Parallelism is done with gnu parallel: indeed, the python scripts mainly just call run(cmd, shell=True) so you definitely should not run this willy-nilly. But it’s no worse than the shell script you otherwise would use (and I used before).

These scripts are customised by cookiecutter when they are made, which is neat. So we can just put:

cmd = "pdftk *-ocr.pdf output {{cookiecutter.directory_name}}.pdf"

and the resulting script will contain the right filename. Of course, we could have worked it out from within the script, but this is neater.

A few other things to note with this kind of work:

  • tesseract will try to parallel, so you have to call it as env OMP_THREAD_LIMIT=1 tesseract <args>. Generally speaking it’s better to single-thread and run multiple instances in parallel when doing this kind of work.
  • If it runs out of ram, editing the script and putting -j $(echo $(nproc)-2 | bc) (without the $s if you, like me, run fish), will generally calm things down. Or make more swap space temporarily i.e. a swapfile.
  • We use a local tmpdir for parallel, as /tmp here is a ramdisk.

Now, how do you batch process everything? In the root of the repository is a script

auto_process_pdfs.py [-h] [--outdir OUTDIR] [--finish] [--process] INDIR

which expects to be run from a dir containing pdfs to process. It will call cookiecutter for each pdf, using the slugified (i.e. like-this) form of the filename to name the repository (you need python-slugify). Then it will drop the relevant pdf into /source of the target dir and run prepare.py.

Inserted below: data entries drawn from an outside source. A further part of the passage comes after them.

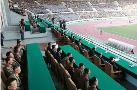 "Руководитель нашей партии и народа, любимый товарищ Ким Чен Ын вместе с товарищем Ли Соль Чжу появился на президентской трибуне", - подписан снимок.
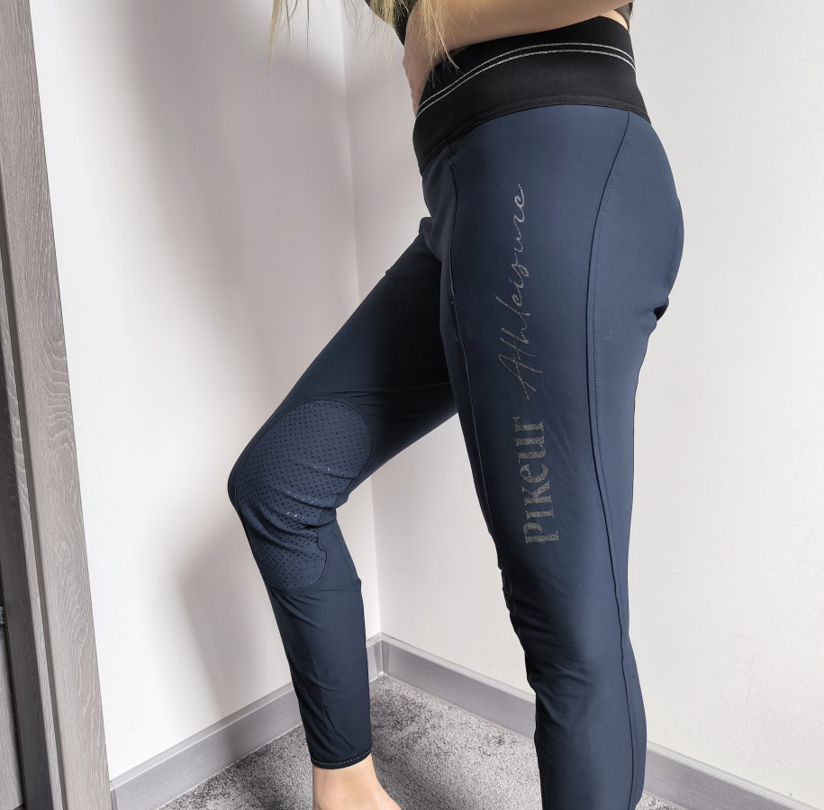 breginsy Bryczesy leginsowe Pikeur. Atleisure. Z kieszenią na udzie. Bardzo wygodny komfortowy materiał.sa elastyczne. Dopasują się do sylwetki. Stan bardzo dobry ale wydaje mi się guma zaczyna się rozciągac. Rozm L pas 40-44 cm x2 dl całkowita 90cm wysoki stan
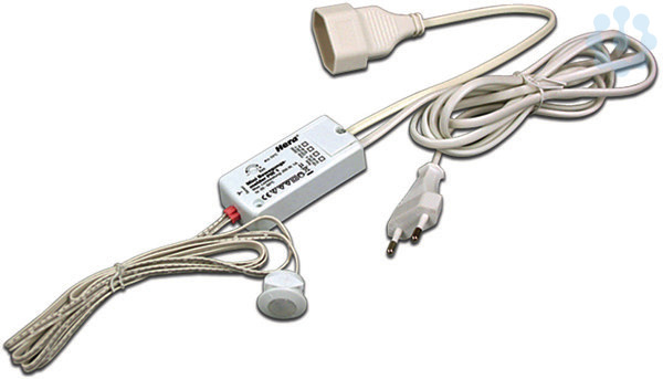 Mini Bewegungsmelder zum Anschluss von Leuchten-Betriebsgeräten der Schutzklasse II, Anschlussleitung 2m mit Eurostecker, Schaltleitung 0,3m mit Eurokupplung, Sensorleitung 1,4m, Einbau des Sensors für 20mm Bohrung, Nachlaufzeit von 10 Sekunden bis 3 Minuten einstellbar, Erfassungswinkel 80°, Erfassungsbereich 2,5m bei Montagehöhe von 1-2m
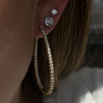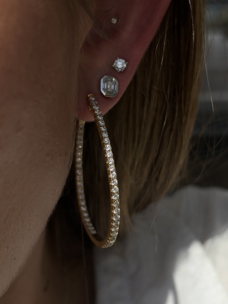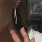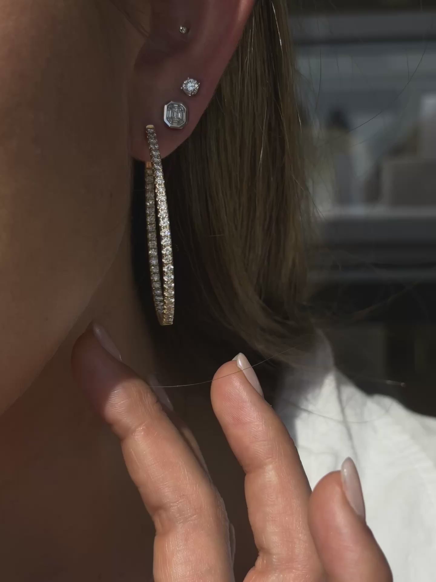 These substantial natural diamond hoops showcase diamonds set along both the inner and outer edges. Viewed from the side, they create a distinctive tear-drop silhouette, offering a refined twist on a timeless style.

After that you can run the script again, but with --process and it will call scantailor for every file.

When everything is done, you can call the script again, this time with --finish, and walk away. If everything goes well you should find a bunch of symlinks in the output directory, ready to call cd OUTDIR; zip -r ../archive .. By default zip dereferences symbolic links, so you get a bunch of pdfs in a zip file, which poor users of the Windoze (almost)Operating System can probably handle.

Statistics

I’ve not timed the pre- and post-processing as they relate to the particular computer in use and not much else. But how long does it take to process scans in scantailor this way?

With 8 pdfs totalling 120 pages (some doubles), of which three needed serious dewarping, it took me 36 minutes to produce 183 pages of output. That works out at 36*60/183 = 11.8 seconds a page. Not bad, eh?

Add to that however long it takes you to get all the pdfs in one directory (which would need doing anyhow), and thirty seconds—I’m being generous—to run the script and walk away. Then think how long it would take to make all the dirs and populate them by hand…

Most of that is down to scantailor-advanced, whose automatic defaults are extremely good.